* Problem requirements: The lines below, from the one containing "Cuando las luces" through the one containing "青嵐認定こども園・とくしま健", should be set down exactly, with no pictures and nothing else.

* Input records:

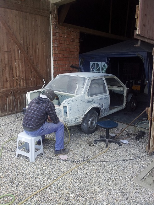 Hier muss ich nochmal sagen das ich echt Glücklich bin eine soo gute Basis zu haben, denn ich musste nichts schweißen oder übermäsig spachteln! Und nur daher und dank meiner 2 besten Freunde (die beide auch Autonarren sind) war diese schnelle Aufwertung meines kleinen Möglich!
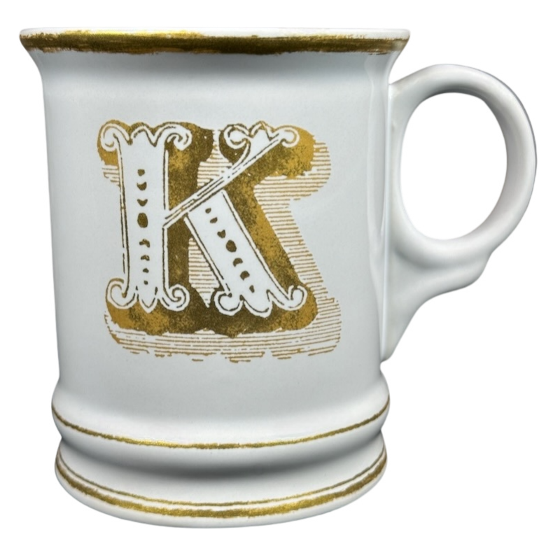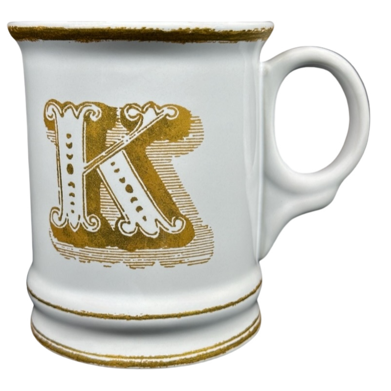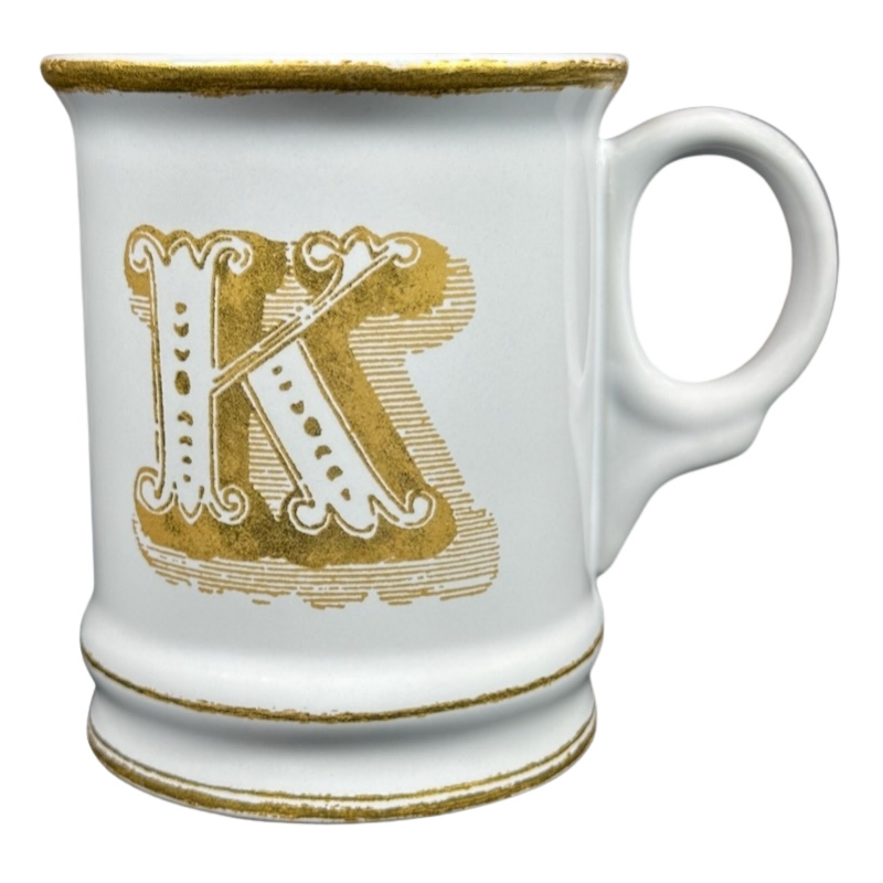 Features artwork on the front that depicts a large letter "K" printed in gold.
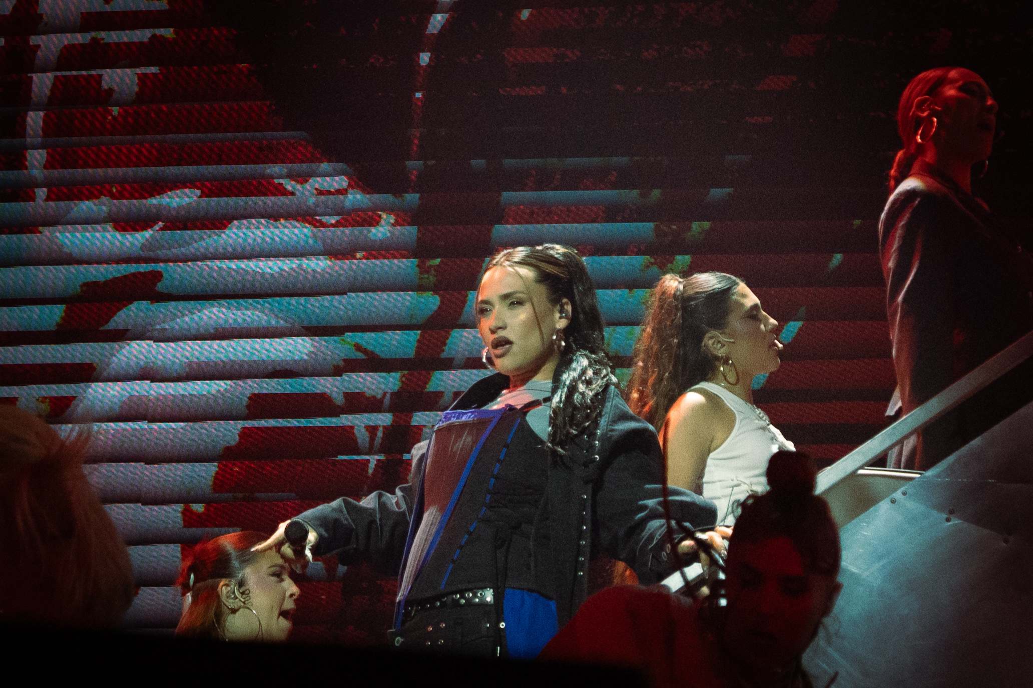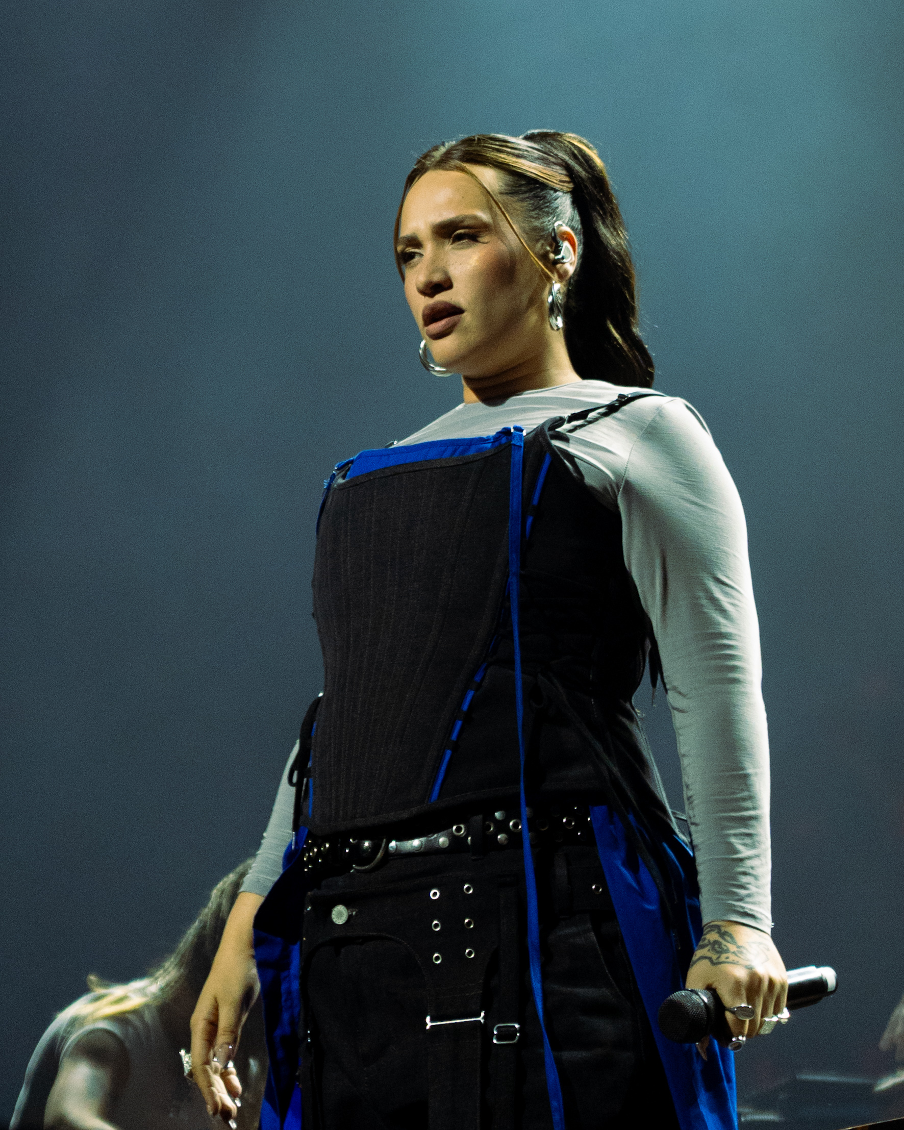 Cuando las luces se apagaron y cientos de móviles se alzaron en la pista como luciérnagas dispuestas para grabar, el estadio entero supo que algo grande estaba a punto de ocurrir. La cantante apareció vestida de negro, con un corsé ajustado y una prenda azul Klein que recordaba a la portada de Kaelis, su nuevo disco. Estaba guapísima, y no solo por su estilismo, sino por la seguridad con la que pisaba el escenario. Había en ella una determinación clara, como si supiera con exactitud a qué había venido.
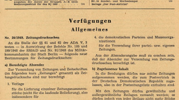 Verfügung Nr. 20/1950 - Zeitungsdrucksachen
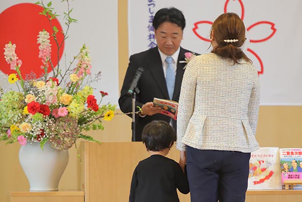 青嵐認定こども園・とくしま健祥会保育園では中村晃子本部長より絵本が手渡されました。
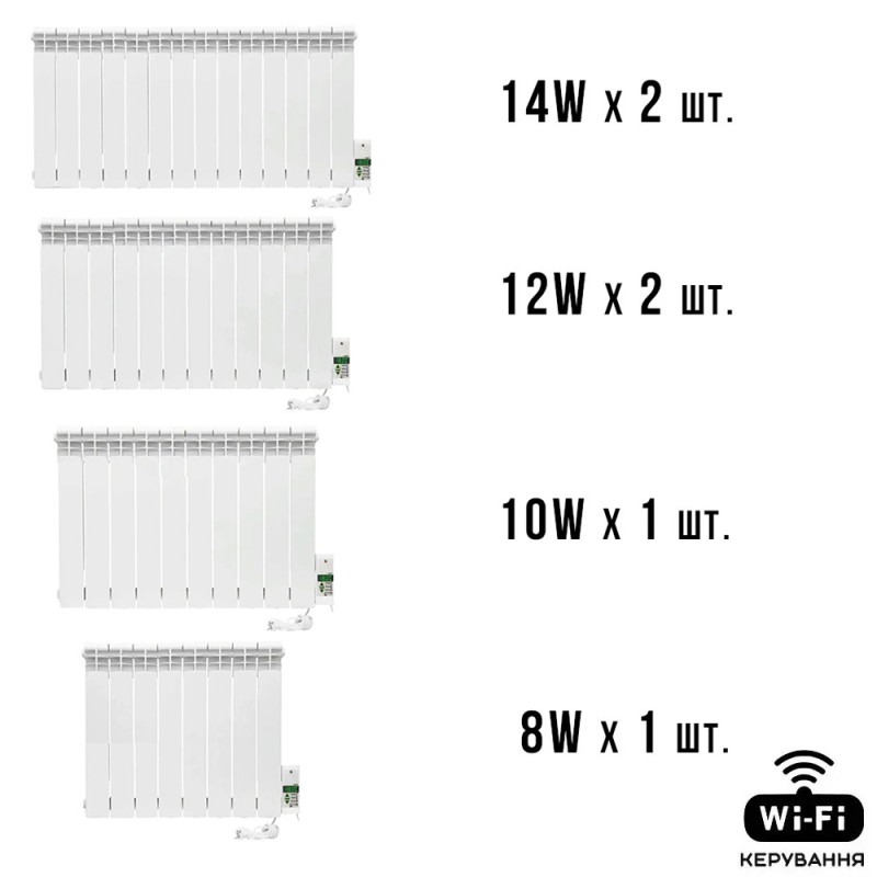 Наприклад ,ELECTRO SET 20 система опалення що складається зі 20 секцій біметалевих радіаторів зібраних в 2 електорадіатора загальною потужністю 2000 Вт. Розраховані цей комплект радіаторів на опалення приміщення з двох кімнат загальною площею від 28-32 м.кв з висотою стель 2.5м
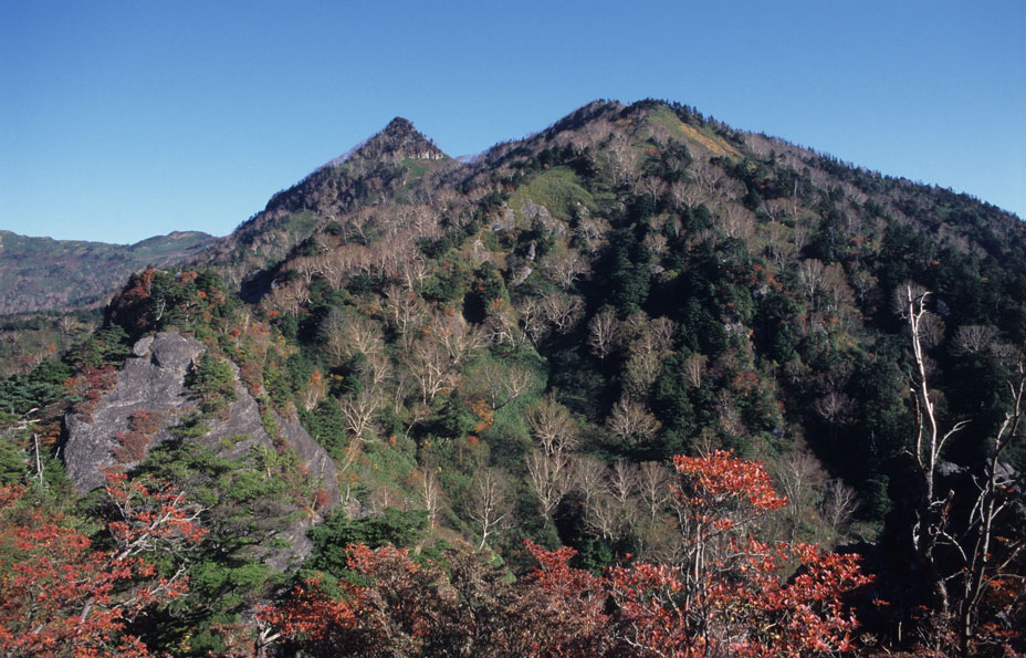 1998年10月11日、上州・武尊山(不動岳)より「前武尊(正面右のピーク)と剣ヶ峰(同・左のピーク)」を望む。
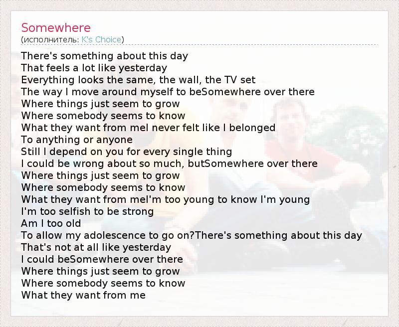 There's something about this day That feels a lot like yesterday Everything looks the same, the wall, the TV set The way I move around myself to beSomewhere over there Where things just seem to grow Where somebody seems to know What they want from meI never felt like I belonged To anything or anyone Still I depend on you for every single thing I could be wrong about so much, butSomewhere over there Where things just seem to grow Where somebody seems to know What they want from meI'm too young to know I'm young I'm too selfish to be strong Am I too old To allow my adolescence to go on?There's something about this day That's not at all like yesterday I could beSomewhere over there Where things just seem to grow Where somebody seems to know What they want from me
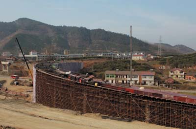 本报讯 (通讯员张燕) 6日,谷竹13标负责施工的青峰互通立交D匝道现浇连续箱梁第一联完成第一次混凝土浇筑;14日,进行第一联第二次混凝土浇筑,这标志着青峰互通立交连续梁春节前主体完工胜利在望,已进入最后冲刺攻坚阶段。

* Exercise solution:
 Cuando las luces se apagaron y cientos de móviles se alzaron en la pista como luciérnagas dispuestas para grabar, el estadio entero supo que algo grande estaba a punto de ocurrir. La cantante apareció vestida de negro, con un corsé ajustado y una prenda azul Klein que recordaba a la portada de Kaelis, su nuevo disco. Estaba guapísima, y no solo por su estilismo, sino por la seguridad con la que pisaba el escenario. Había en ella una determinación clara, como si supiera con exactitud a qué había venido.
 Verfügung Nr. 20/1950 - Zeitungsdrucksachen
 青嵐認定こども園・とくしま健祥会保育園では中村晃子本部長より絵本が手渡されました。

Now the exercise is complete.